═════ Data for this exercise ═════
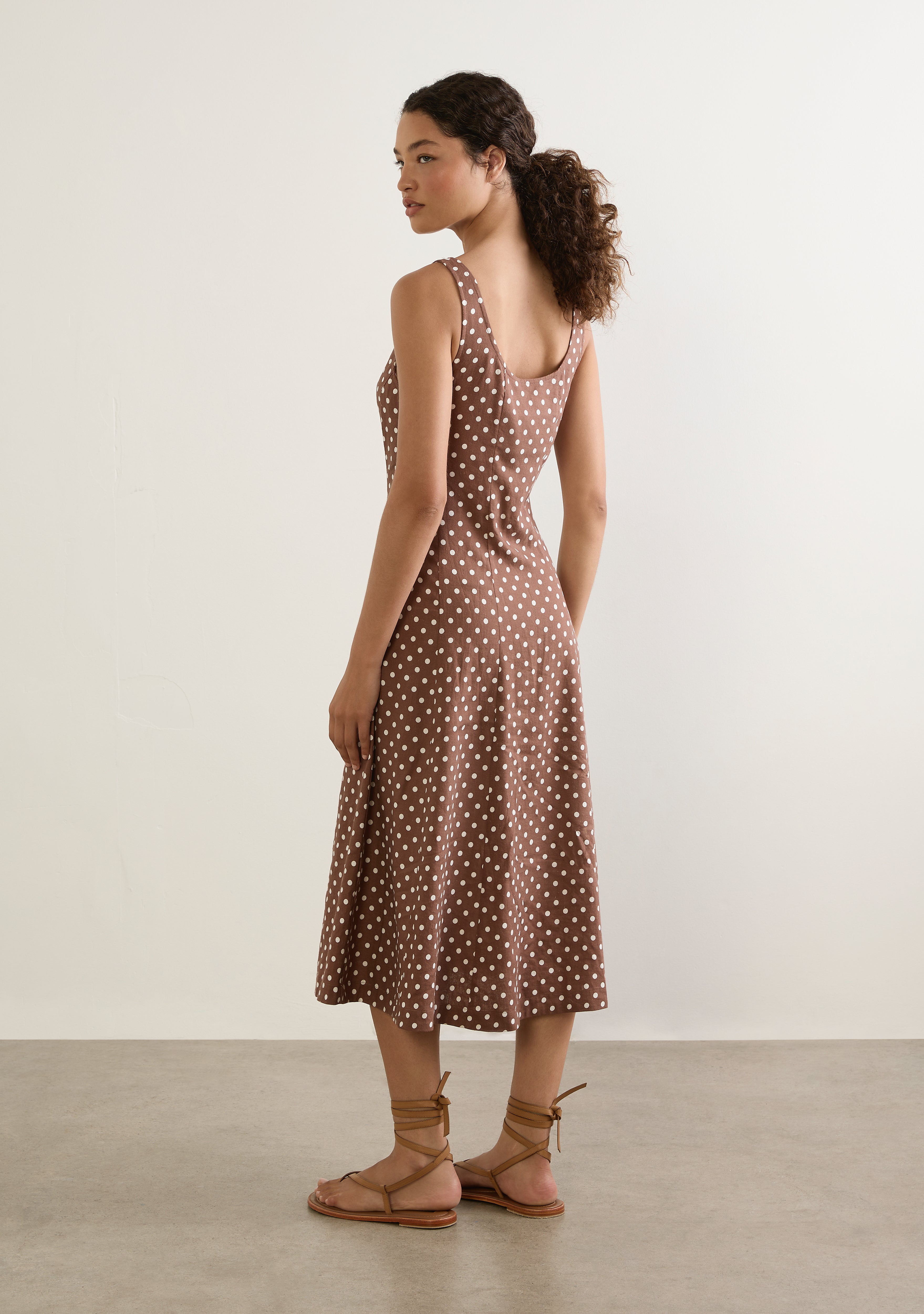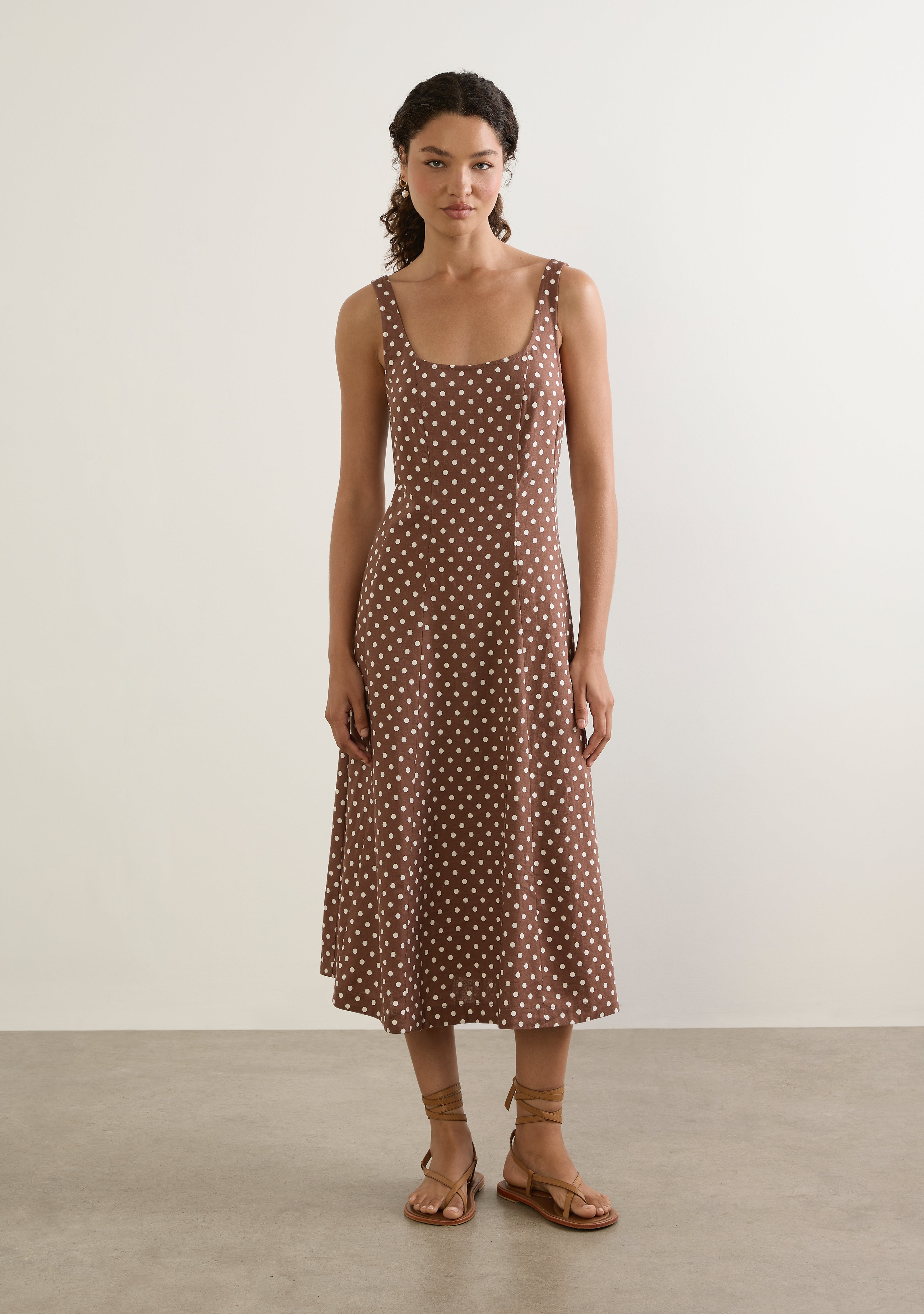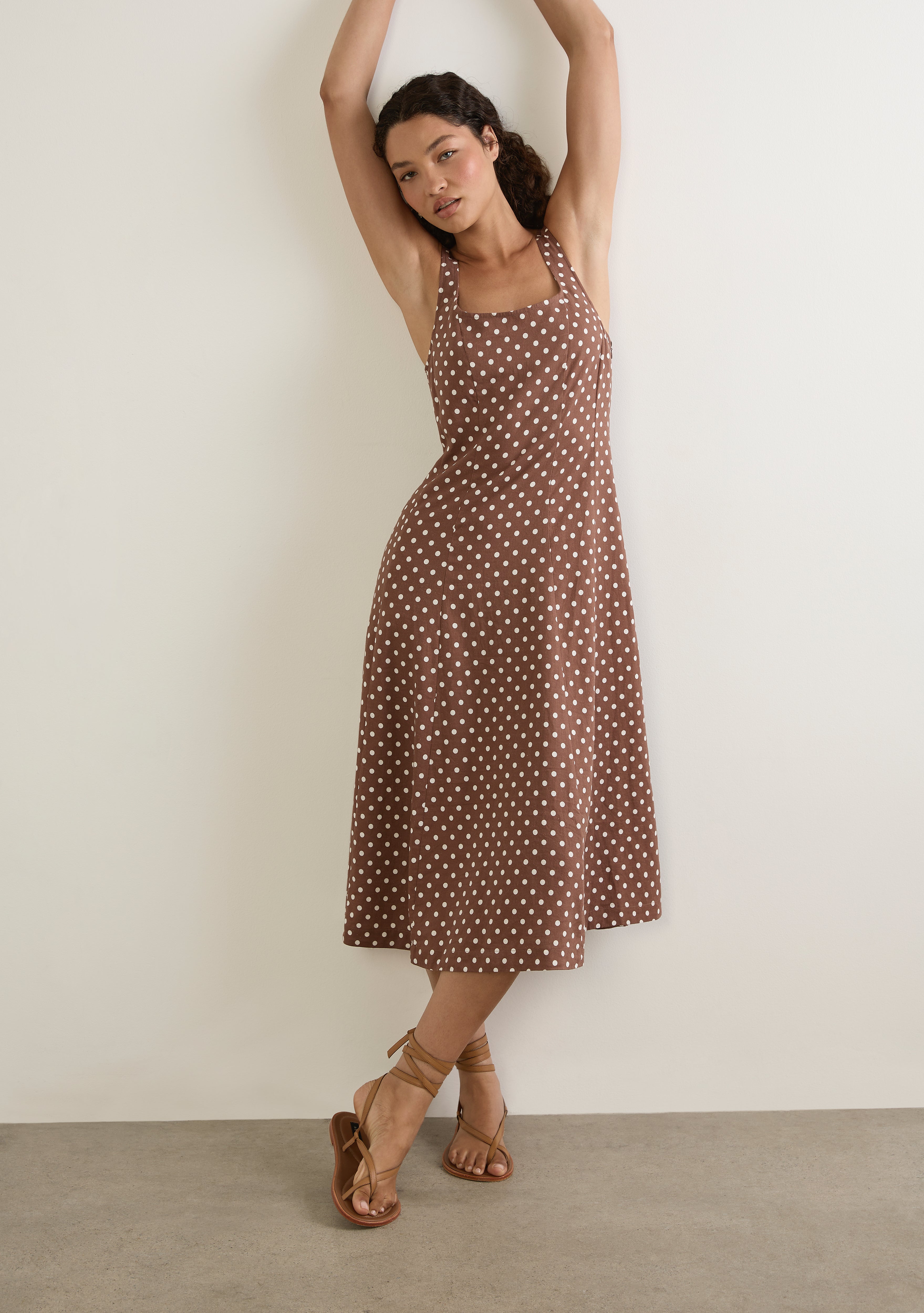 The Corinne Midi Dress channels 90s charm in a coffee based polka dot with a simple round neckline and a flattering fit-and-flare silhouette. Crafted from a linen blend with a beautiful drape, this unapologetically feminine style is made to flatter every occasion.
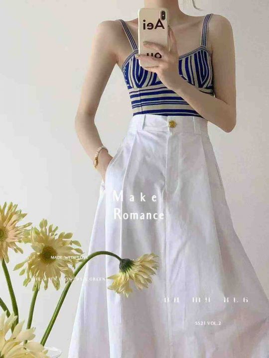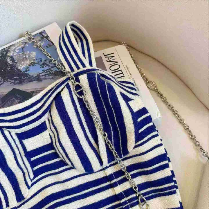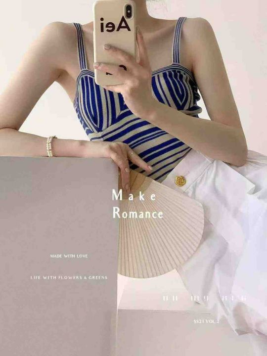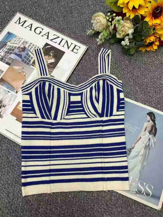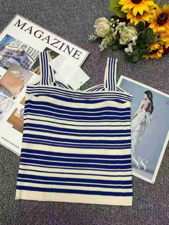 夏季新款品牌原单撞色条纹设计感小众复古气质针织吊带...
═════
═════ Data for this exercise ═════
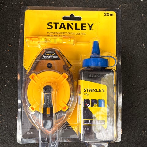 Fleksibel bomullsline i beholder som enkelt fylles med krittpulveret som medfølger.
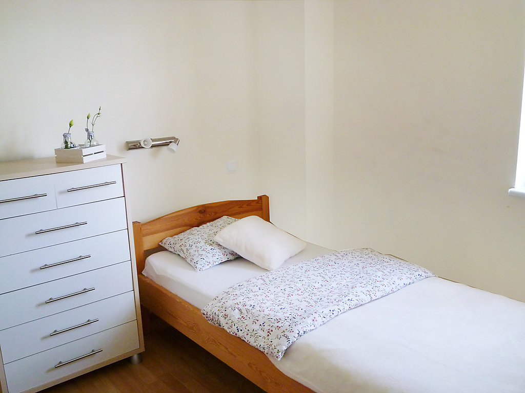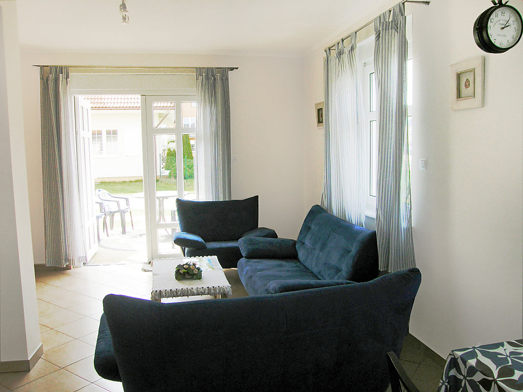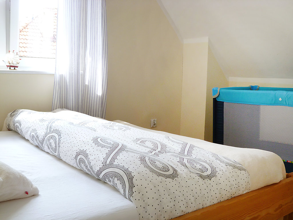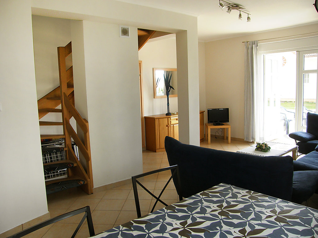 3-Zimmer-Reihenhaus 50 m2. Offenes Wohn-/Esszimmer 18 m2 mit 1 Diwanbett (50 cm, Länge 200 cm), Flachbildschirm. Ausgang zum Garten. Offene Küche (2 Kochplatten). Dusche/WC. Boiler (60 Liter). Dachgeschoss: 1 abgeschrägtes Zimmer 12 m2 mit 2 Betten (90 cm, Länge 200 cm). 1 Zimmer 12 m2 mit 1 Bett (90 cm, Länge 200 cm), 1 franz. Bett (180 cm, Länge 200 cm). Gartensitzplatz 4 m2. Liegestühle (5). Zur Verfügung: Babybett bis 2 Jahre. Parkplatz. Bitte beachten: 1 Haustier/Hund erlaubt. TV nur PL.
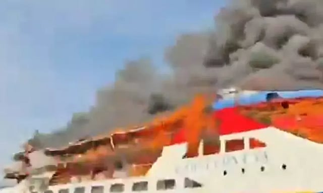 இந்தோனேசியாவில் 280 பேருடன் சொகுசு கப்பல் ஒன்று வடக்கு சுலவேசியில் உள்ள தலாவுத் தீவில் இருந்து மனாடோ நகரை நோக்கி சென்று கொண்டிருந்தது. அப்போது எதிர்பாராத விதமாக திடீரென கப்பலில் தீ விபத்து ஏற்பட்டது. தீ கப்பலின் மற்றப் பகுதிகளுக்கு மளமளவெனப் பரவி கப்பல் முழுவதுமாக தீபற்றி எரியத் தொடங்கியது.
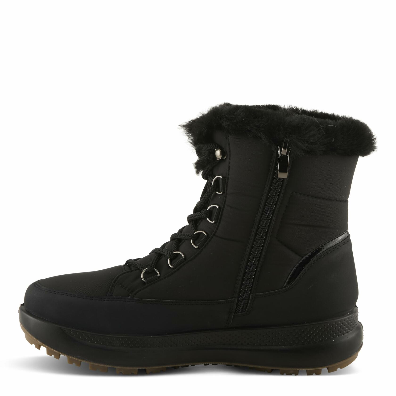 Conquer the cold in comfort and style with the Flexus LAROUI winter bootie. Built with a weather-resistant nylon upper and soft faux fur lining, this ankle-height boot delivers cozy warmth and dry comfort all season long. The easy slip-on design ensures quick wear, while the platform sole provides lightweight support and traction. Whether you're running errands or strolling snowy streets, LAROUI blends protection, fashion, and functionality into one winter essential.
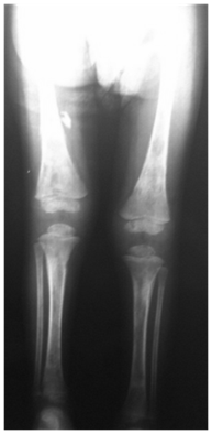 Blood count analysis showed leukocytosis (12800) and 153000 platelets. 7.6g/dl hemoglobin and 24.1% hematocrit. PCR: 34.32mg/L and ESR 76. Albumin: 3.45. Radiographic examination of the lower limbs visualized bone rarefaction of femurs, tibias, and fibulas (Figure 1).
═════
[Required work]
Only one stretch of the data is wanted: write out exactly the lines from the one holding "The Corinne Midi" through the one holding "夏季新款品牌原单撞色条纹设计感小众复古气质针织吊带...", both included, without the pictures.

[Response below]
 The Corinne Midi Dress channels 90s charm in a coffee based polka dot with a simple round neckline and a flattering fit-and-flare silhouette. Crafted from a linen blend with a beautiful drape, this unapologetically feminine style is made to flatter every occasion.
 夏季新款品牌原单撞色条纹设计感小众复古气质针织吊带...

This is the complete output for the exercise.